Knoechel pointed to other issues for auto companies with on-site resources. One is having data center managers on staff with expertise in operating HPC-grade infrastructure – they’re not easy to hire and retain. While this expertise is commonly found among major automotive OEMs, it is a growing problem among automotive component manufacturers.
“More and more design work is being outsourced to vendors,” Knoechel said. “They need to be more innovative, they’re under pressure to deliver a better, lighter product, and time to market is a big challenge.” The result is that more automotive vendors – some with up to 5,000 cores – have migrated their infrastructures to the cloud.
Another problem for on-premises organizations: Technology industry supply chain outages are delaying delivery of advanced servers with the latest components – the latest chips, power supplies, storage and memory drives. But because Azure is one of the largest server OEM customers, it’s leading the way for new server shipments.
“Azure is very fast adopting our latest technologies,” Kerr said. “For example, they were the first in the cloud to adopt our 3rd Gen ‘Milan’ EPYC with AMD 3D-V cache, they picked up our products very well when released. On-site hardware procurement cycles can be long, they can refresh every three to five years, requiring big bets by planning teams. But with Azure, the refresh is constant, customers don’t have to make that big gamble.

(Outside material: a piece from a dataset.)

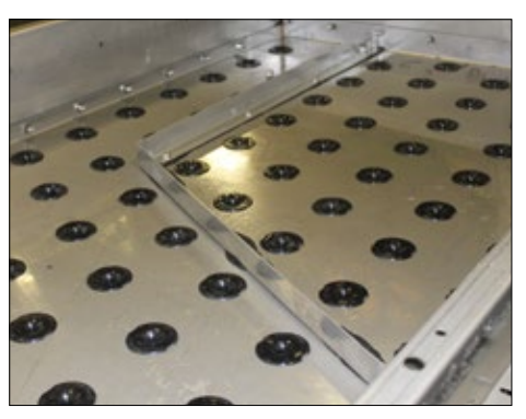
Gravity Distribution System Hot Water Basin

Pressurized spray distribution systems, installed on counterflow cooling towers, closed circuit cooling towers, and evaporative condensers, feature a series of PVC branches or pipes fitted with spray nozzles mounted inside the tower above the fill. These systems typically require 2 to 7 psig water pressure at the water inlet and require the unit to be out of service for inspection and maintenance.
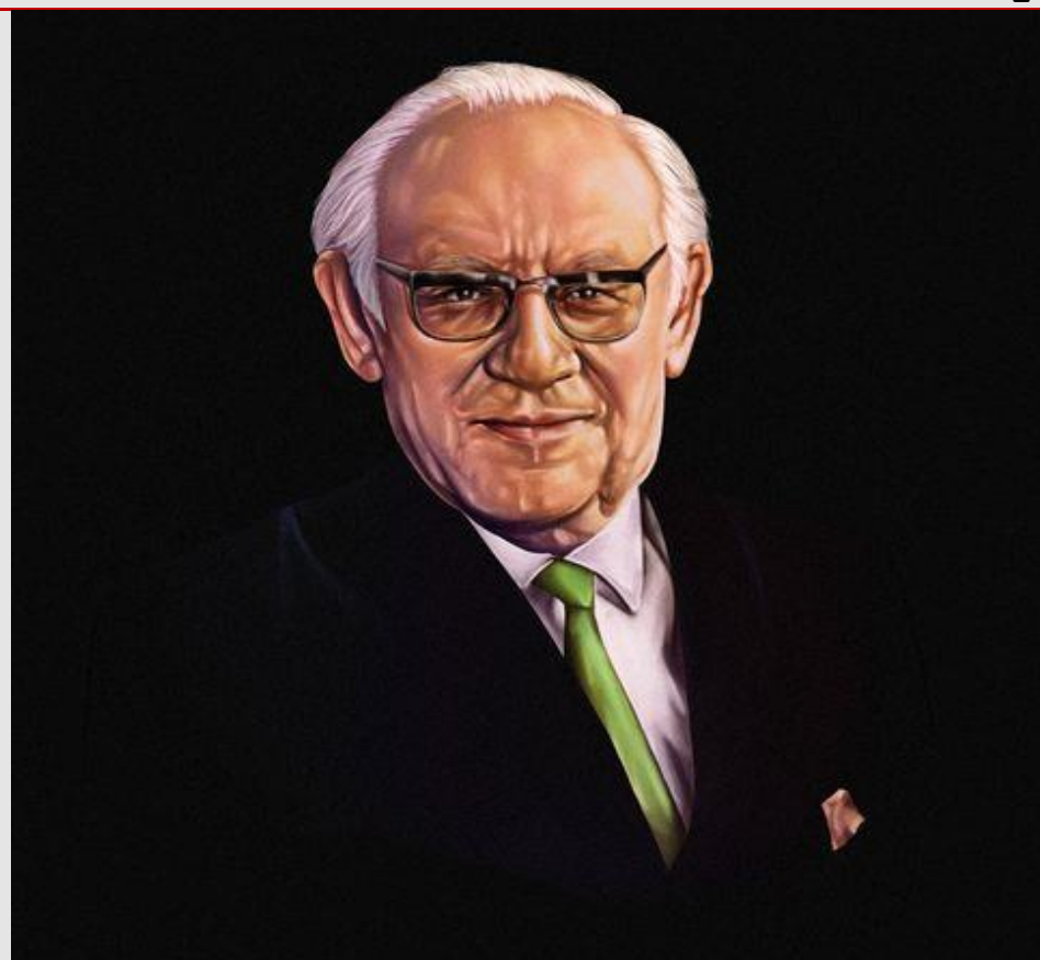
Arthur Sackler, the family's patriarch.

.....starts with one person, one relationship, one family, one neighbor, one neighborhood, one village, one community, one city, one state, one nation, at a time...simultaneously.

Additionally, Azure’s HPC team created an on-premises type offering, reflecting the intricacies of users’ high-performance computing needs. Beyond incorporating advanced new technologies and the storage and deployment tools used in HPC, Azure also has a lightweight hypervisor for bare metal performance and was the first major cloud provider to offer the Infiniband framework, all supported by Azure’s HPC technical staff.
Last March, Microsoft announced the upgrade of Azure HBv3 virtual machines with EPYC 3rd Gen chips. He said Microsoft’s internal tests show the new HBv3 series delivers up to 80% better performance for CFD, 60% better performance for EDA RTL (right to left), 50% better performance for explicit parsing by finite elements and 19% for weather simulation. Much of this improvement is attributed to the 3D-V cache of the new EPYC processors. In practical terms, an almost 80% runtime improvement on a 140 million cell ANSYS Fluent CFD model means you can run two jobs in the time it took to do one.
Kerr and Knoechel added that an automotive OEM customer sees similar performance improvements running full-vehicle Ansys LS Dyna crash simulations with more than 20-30 million elements. These races used to take 30 hours, now they take 10.
“If you’re in charge of safety for a major global automobile,” Knoechel said, “you better pay attention to it.”